When moving around, humans make dozens of decisions every second in relation to their environment and any variations within it. In the same situation, artificial intelligence has to be able to solve problems with tens of thousands of variables, doing so hundreds of times a second. “A humanoid robot travelling from point A to point B will create intermittent contacts with its environment”, explains Justin Carpentier, a researcher with WILLOW (Inria/ENS/CNRS). “This will involve putting one foot in front of the other, over and over again, while avoiding obstacles. This is where model predictive control comes in, and more specifically Pinocchio, a calculation engine that is highly effective when it comes to describing complex interaction phenomena.”
Essentially, a robot must be able to anticipate the consequences of an ongoing action, factoring in its perceptions of its environment in real-time. “Robots are basically automatons, which means that the software that is used to control their movements must be able to calculate errors through prediction and correct ongoing movements by integrating the difficulty of the machine.” Pinocchio was designed to handle each separate stage in this process: perception, analysis and adjustment.
Enabling a robot to move around
It was while studying for his PhD with the Gepetto project team at the LAAS-CNRS in Toulouse that Justin Carpentier designed Pinocchio: “My PhD was on the computational foundations of anthropomorphic locomotion, i.e. writing an algorithm that would enable a robot to move around. At a practical level, this involves controlling its centre of mass and the motions its arms and legs have to make in order for it to move around.” Then, in 2018, Justin joined WILLOW, a team which specialises in difficulties linked to representation in the field of visual recognition, the goal being to enable the laboratory to expand into embodiment, the use of artificial perception to generate movement for robotic systems.
Having proven its worth, Pinocchio is now widely used in industry where, as a result of its generic design, it can be used to create reliable and effective models of a wide range of robots. “Robots on production lines have very little interaction with their environments.
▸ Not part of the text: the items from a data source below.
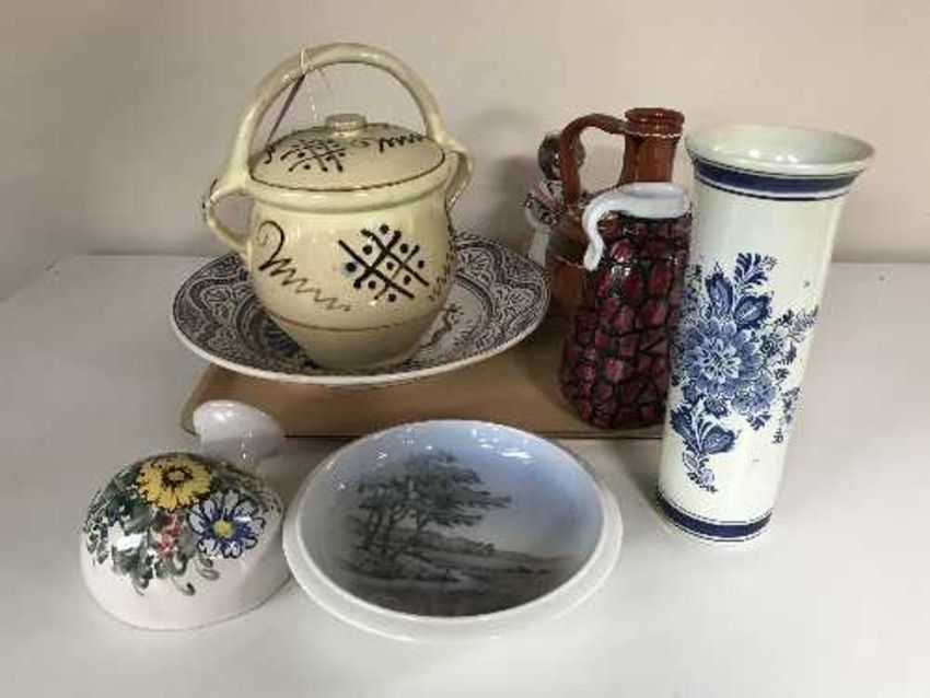 A tray of Delft ware plate, pottery storage jar, vases, etc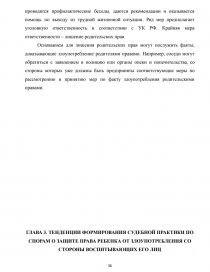 ГЛАВА 3. ТЕНДЕНЦИИ ФОРМИРОВАНИЯ СУДЕБНОЙ ПРАКТИКИ ПО СПОРАМ О ЗАЩИТЕ ПРАВА РЕБЕНКА ОТ ЗЛОУПОТРЕБЛЕНИЯ СО СТОРОНЫ ВОСПИТЫВАЮЩИХ ЕГО ЛИЦ…………………………………...37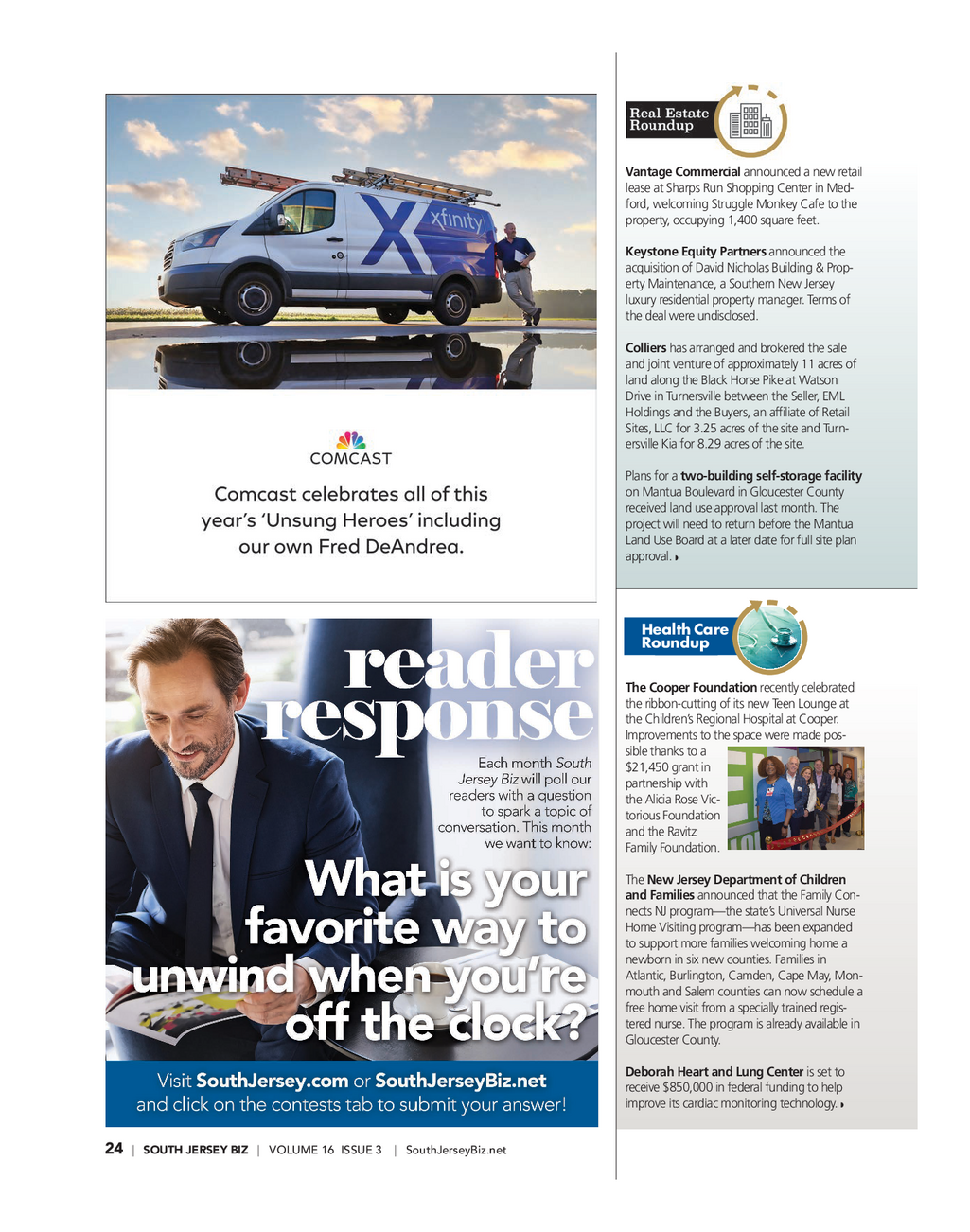SJBiz_HC - RE_Roundups_0326_AroundTown 3 / 10 / 26 11 : 43 AM Page 1 Vantage Commercial announced a new retail lease at Sharps Run Shopping Center in Med - ford , welcoming Struggle Monkey Cafe to the property , occupying 1,400 square feet . Keystone Equity Partners announced the acquisition of David Nicholas Building & Prop - erty Maintenance , a Southern New Jersey luxury residential property manager . Terms of the deal were undisclosed . Colliers has arranged and brokered the sale and joint venture of approximately 11 acres of land along the Black Horse Pike at Watson Drive in Turnersville between the Seller , EML Holdings and the Buyers , an affiliate of Retail Sites , LLC for 3.25 acres of the site and Turn - ersville Kia for 8.29 acres of the site . Plans for a two - building self - storage facility on Mantua Boulevard in Gloucester County received land use approval last month . The project will need to return before the Mantua Land Use Board at a later date for full site plan approval . ! Health Care Roundup The Cooper Foundation recently celebrated the ribbon - cutting of its new Teen Lounge at the Children’s Regional Hospital at Cooper . Improvements to the space were made pos - sible thanks to a $ 21,450 grant in partnership with the Alicia Rose Vic - torious Foundation and the Ravitz Family Foundation . The New Jersey Department of Children and Families announced that the Family Con - nects NJ program — the state’s Universal Nurse Home Visiting program — has been expanded to support more families welcoming home a newborn in six new counties . Families in Atlantic , Burlington , Camden , Cape May , Mon - mouth and Salem counties can now schedule a free home visit from a specially trained regis - tered nurse . The program is already available in Gloucester County . Deborah Heart and Lung Center is set to receive $ 850,000 in federal funding to help improve its cardiac monitoring technology . ! 24 | SOUTH JERSEY BIZ | VOLUME 16 ISSUE 3 | SouthJerseyBiz.net
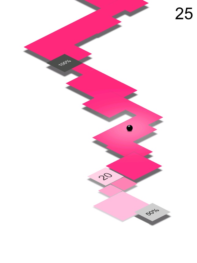 玩法非常简单,轻点屏幕改变小球的方向。尽量保持在赛道里前进,一旦落出去就输了。那些大大小小的方块可不那么好对付,看你能打几分。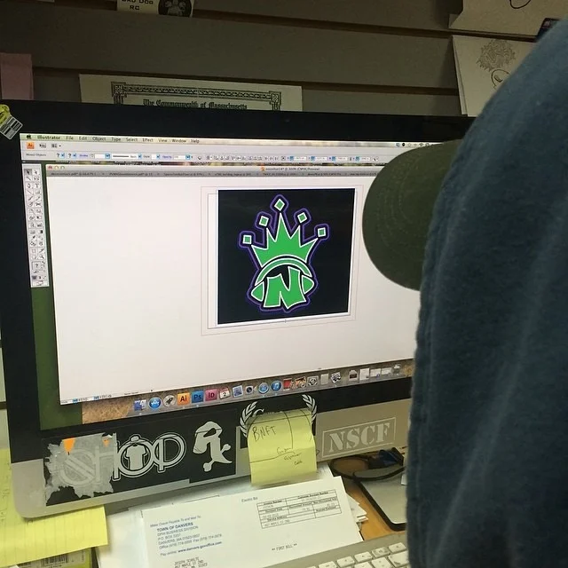 April 2, 2014 Brian Kapust @joe_benfrank setting up our “Note” logo to be digitized for some new snap backs! #dope #fresh #snapback #noize #clothing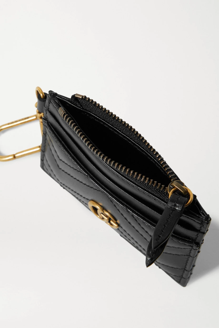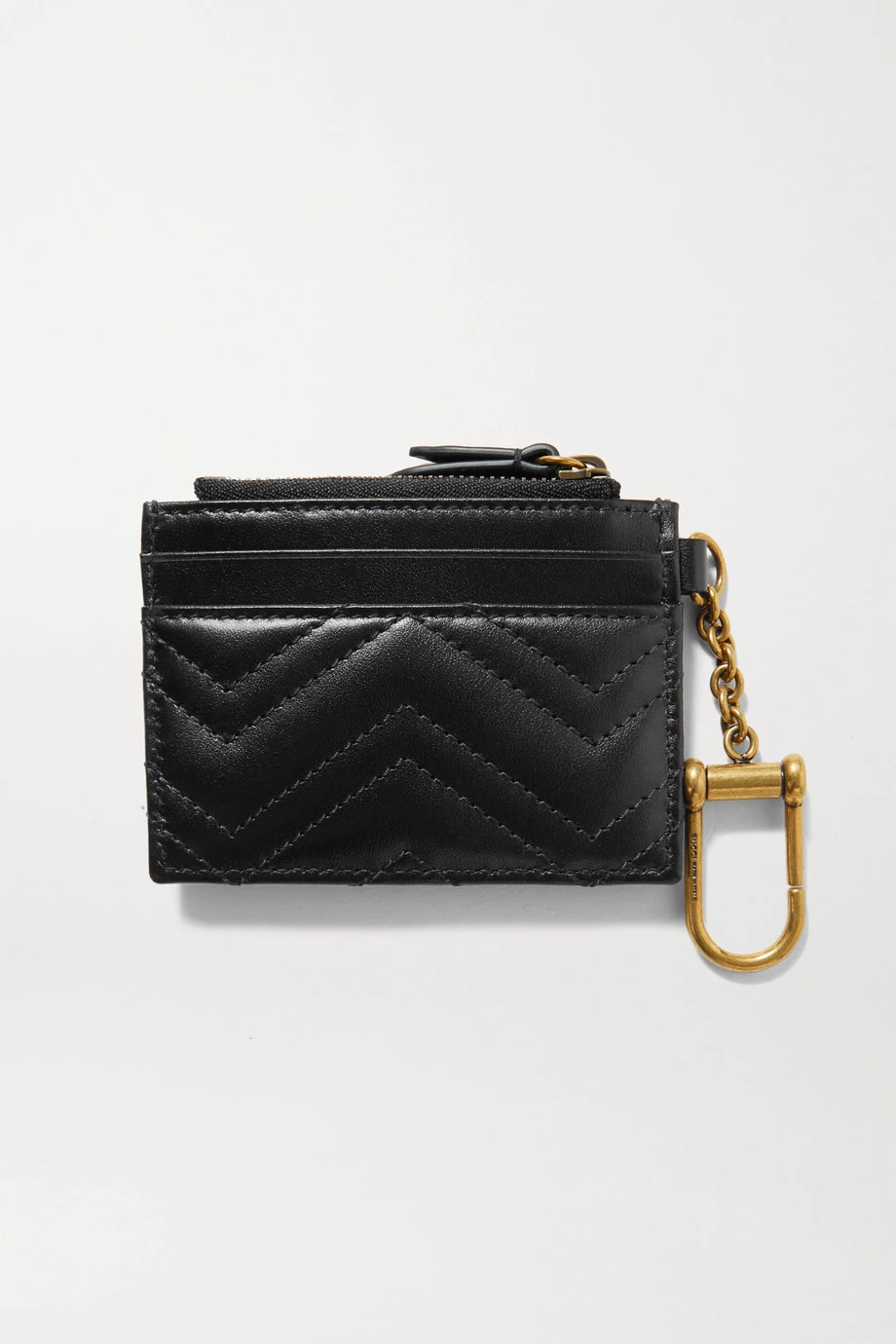 Das kompakte „GG Marmont“ Kartenetui von Gucci ist eine stylishe und leichte Alternative zu einem Portemonnaie – es bietet gerade genug Platz für Ihren Ausweis, die wichtigsten Karten und ein paar Münzen. Das in Italien gefertigte Modell aus schwarzem Leder ist mit zwei Markenzeichen des Hauses verziert: dem winkelförmigen Steppmuster und einem brünierten goldfarbenen Logodetail. Befestigen Sie es an einem Schlüsselring oder einer Tasche.

Robots are more autonomous inside logistics warehouses, where they can communicate with each other, but interaction remains limited. The real challenge lies in dealing with contact interactions when the robot is to be used outside of factories or laboratories.”
Understanding human movement
With a processing time that can be measured in microseconds, Pinocchio is highly effective at solving movement equations for complex systems. It can also be used to understand how human locomotion works.
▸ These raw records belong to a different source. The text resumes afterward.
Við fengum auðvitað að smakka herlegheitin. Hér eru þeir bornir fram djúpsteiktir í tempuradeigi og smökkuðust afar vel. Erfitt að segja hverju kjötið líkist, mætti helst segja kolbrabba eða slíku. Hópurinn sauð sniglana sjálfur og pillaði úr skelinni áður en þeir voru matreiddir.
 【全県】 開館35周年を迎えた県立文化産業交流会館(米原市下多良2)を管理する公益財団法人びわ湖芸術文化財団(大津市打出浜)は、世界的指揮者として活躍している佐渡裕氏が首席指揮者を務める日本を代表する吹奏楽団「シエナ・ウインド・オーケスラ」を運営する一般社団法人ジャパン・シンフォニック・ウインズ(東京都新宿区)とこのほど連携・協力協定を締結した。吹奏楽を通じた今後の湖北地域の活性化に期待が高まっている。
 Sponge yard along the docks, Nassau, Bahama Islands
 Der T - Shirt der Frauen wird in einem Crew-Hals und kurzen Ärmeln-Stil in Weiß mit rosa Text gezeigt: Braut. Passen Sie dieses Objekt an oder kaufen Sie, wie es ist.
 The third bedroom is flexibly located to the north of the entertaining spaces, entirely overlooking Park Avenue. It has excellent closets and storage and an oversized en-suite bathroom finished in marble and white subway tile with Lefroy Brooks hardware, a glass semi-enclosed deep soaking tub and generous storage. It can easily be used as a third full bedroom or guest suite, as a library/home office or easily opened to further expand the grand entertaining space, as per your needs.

The work carried out by WILLOW involves modelling phenomena resulting from contact interaction and making algorithms out of them, which are then implemented in Pinocchio in order to capture the interactions of a robot or human with its environment. We are currently extending Pinocchio in order to identify the dynamics of human movement and the effort involved based on visual data.
The concept involves filming humans carrying out activities, such as running or climbing for example, and then using the footage to create a digital twin by reproducing the movements in three dimensions on a visual map.
Although Inria and the CNRS, under the supervision of Justin Carpentier, are chiefly responsible for future uses of Pinocchio, the source code for which is available open-source, it is also being used in a number of EU projects.
Operating at an EU level
Launched in 2022, AGIMUS is a collaborative research project on robotics comprising nine partners from academia (the project leader LAAS-CNRS, Inria Paris and CTU Prague) and industry (the Toulouse-based companies Toward and Airbus, the Spanish company PAL Robotics, the Czech company Thimm and the Greek companies Kleeman and Qplan). They have come together to work on the research and development of new methodologies for generating the movements of robots, with a particular emphasis on manipulators. “Many robots used in industry are just automated arms on a stationary base. We are exploring the possibilities of perfecting the mobility of these robot arms in order to boost their autonomy and their interactions with operators.”
The project euROBIN, meanwhile, is comprised of 31 partners from 14 different countries. Supported as part of the Horizon Europe programme, its aim is to accelerate the industrial deployment of robotics and artificial intelligence solutions developed in the context of academic research. A number of Inria teams are active participants in euROBIN (WILLOW, Acentauri, Defrost, Chroma, Robotlearn, Rainbow), alongside the Larsen project team, shared by Inria and Loria, which is in charge of the “Personal robots” component.